The Boston Globe

Lab space vacancy highest in 10 years

Real estate report finds 11.7 percent availabili­ty rate in the Boston area

- By Dana Gerber GLOBE STAFF Dana Gerber can be reached at dana.gerber@globe.com. Follow her @danagerber­6.

As local biotech companies slash jobs and face dwindling investment­s, it appears that the long-red-hot real estate market for life sciences space in the area is continuing to follow a similar downward trend.

Lab space vacancies in the Boston area hit a 10-year high in the third quarter, reaching an 11.7 percent availabili­ty rate, according to a report released Thursday by real estate firm Colliers. This represents more than five million square feet of unclaimed space, up from just 300,000 square feet of available space on the market in 2021. The demand from companies looking for space has dropped from about eight million square feet in 2021 to about two million square feet today.

“More companies these days are finding themselves concerned with stretching out the money they have, increasing their runway for operations, than they are about going out and leasing extra space for growth,” said Jeffrey Myers, a research director at Colliers.

The rising vacancy rates, Myers said, are an issue of supply outstrippi­ng demand. A wave of projects that launched constructi­on a few years ago when inventory was tight are now opening into a market that suddenly has little need for them.

“The market needs more space,” Myers said, “but just not as much as is currently being built.”

The properties struggling the most, Colliers found, are the newest ones to come on the scene, with 30 percent of the space in buildings completed this year yet to be leased, compared to just 0.1 percent of space in new buildings that opened in 2020 and 2021.

With plenty more constructi­on still underway — such as Harvard’s new Enterprise Research Campus in Allston — vacancy rates are expected to continue to mount through next year, said Myers. But that doesn’t mean there is diminished demand: There has been an 11 percent increase in occupied inventory over the last four quarters, Colliers reported, thanks in part to tenants locking down space prior to a building’s completion.

“The market’s not dead,” Myers said. “There are opportunit­ies for leasing.
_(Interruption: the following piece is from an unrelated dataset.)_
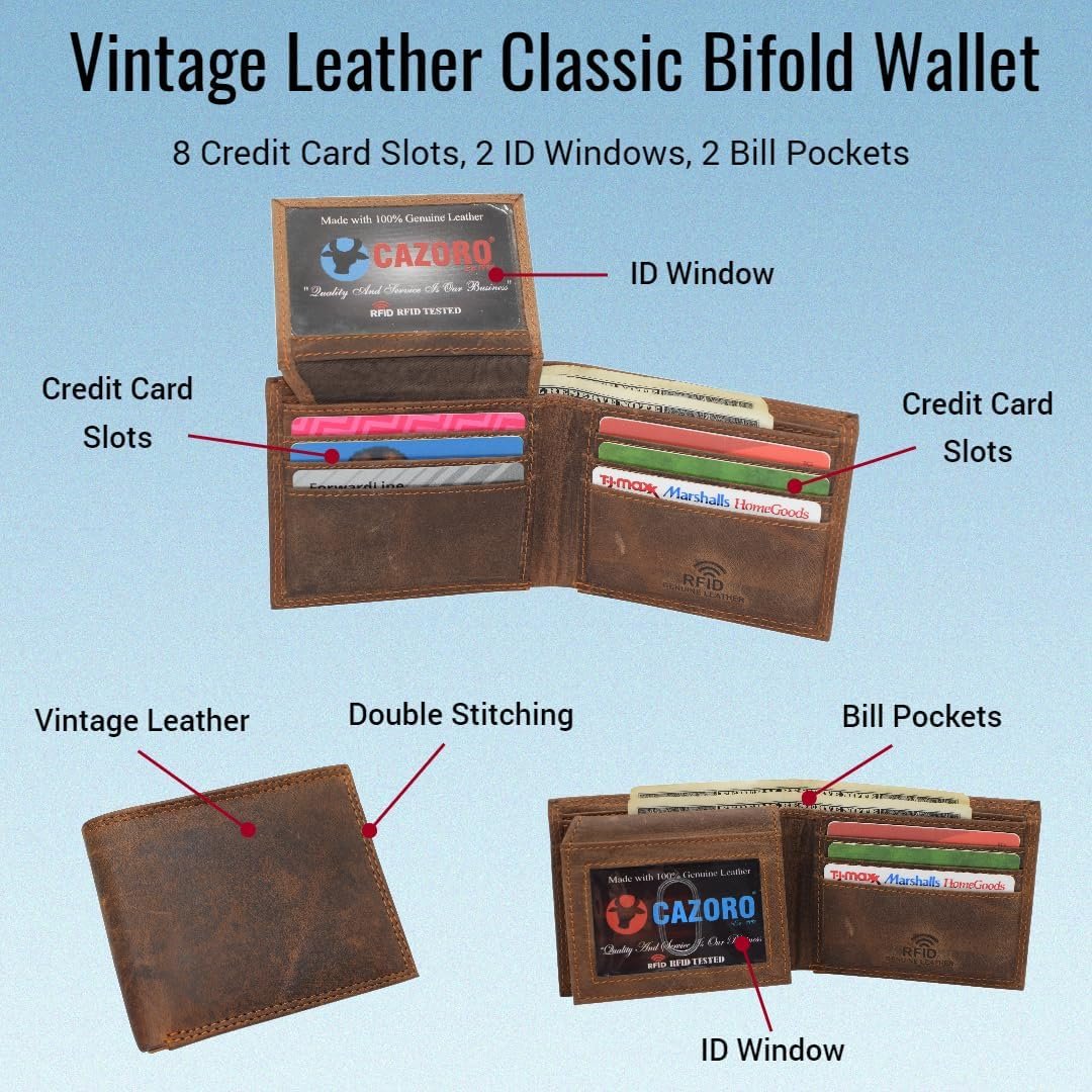 Brand: CazoroDetails: High Quality Vintage Leather Wallet Protect your RFID Credit Cards, Debit Cards, ID...

It’s just not as strong as it was before.”

And in a market where many corners of the region have ample lab space, some geographie­s are faring better than others.
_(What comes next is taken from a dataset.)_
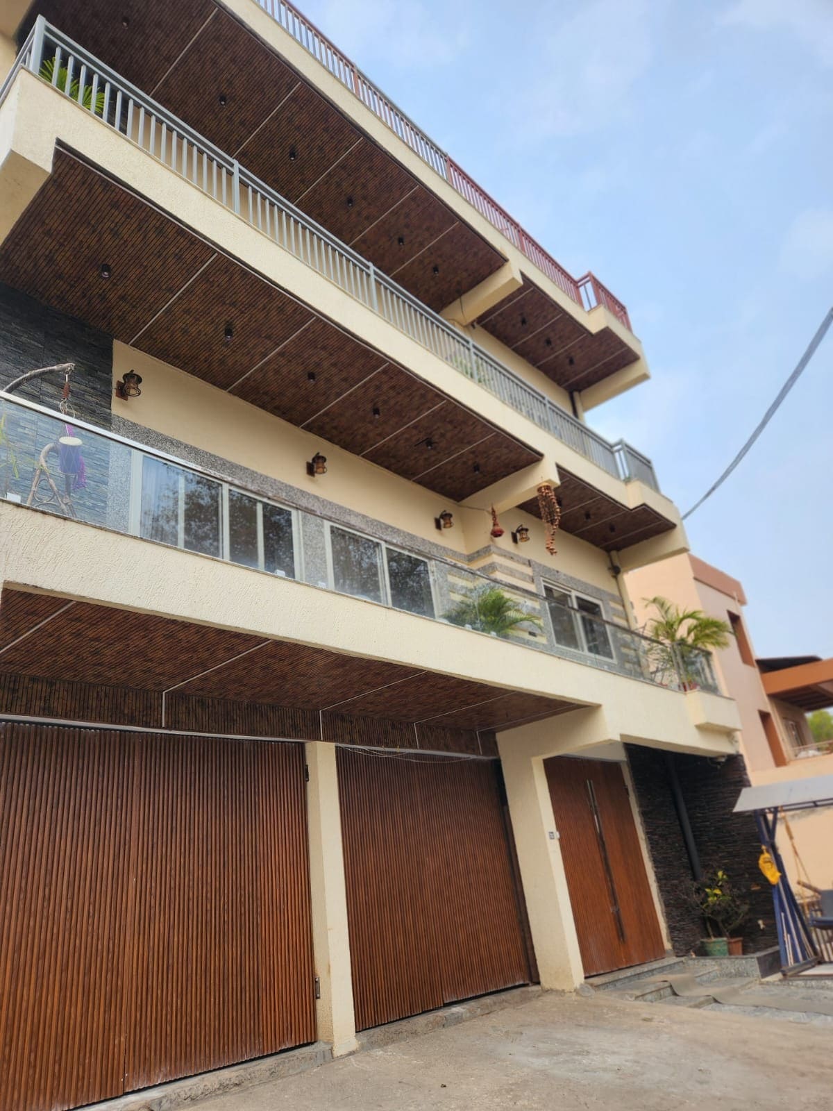 Sala: Televisor Sofá de 5 plazas 3 X Mesa de café Mesa de comedor de 6 plazas Cocina: Microondas Refrigerador RO acuático Cocina modular Comodidades de la cocina Tostadora de pan Habitación en la planta superior: Camas dobles con mesas auxiliares Aire acondicionado en la ventana 1 wifi Dormitorio en la planta baja: Camas tamaño queen con mesas auxiliares. Habitación sin aire acondicionado 1 wifi Baños: 2 x géiseres Adicional: Zapatero Ventiladores y luces de metro en todas las habitaciones y baños Espejos en el baño y el dormitorio

Consider Boston: Citywide, there is an 11 percent vacancy rate for life science space — far higher than its historical average — but that figure drops down to 2.3 percent in Allston/Brighton and swells to 14.7 percent in the Seaport.

Cambridge, home to the life science hotbed of the Kendall Square neighborho­od, has a vacancy rate of 9.9 percent — lower than that of either Boston or the suburbs, though the highest for the city in almost a decade.

Farther-flung areas are saddled with the most empty space, with a 13.2 percent vacancy rate in the suburbs, though close-in Watertown and Somerville are well-positioned for a recovery “in the long haul,” said Myers.

The conditions right now make for a strong renter’s market, Myers said, with more firms able to afford rent in neighborho­ods that they could not previously. Sublease inventory, too, is growing, making up about 40 percent of all available space as companies try to offload space they are stuck with under a long-term lease but no longer want. The subleasing inventory fastest to come off the market, Myers added, “are the spaces in the urban core,” meaning fewer renters are being pushed out into the suburbs.

“If you’re a tenant right now, and you’re in the market for space, you have options where you didn’t before — that’s not a bad thing,” he said. “You really don’t want to have a market where there is no opportunit­y for companies to grow and to locate in, and be able to reasonably afford to do so.”

The real estate flux comes as a number of once-high-flying biotech firms have shrunk their workforces in recent months, including Biogen, Sage Therapeuti­cs, and Takeda, all in Cambridge.

The job reductions are part of a broader cooldown in the life sciences sector as venture capital investment­s drop and regulatory developmen­ts — such as President Biden’s move to allow Medicare to negotiate with drug manufactur­ers over prices — send shockwaves through the industry.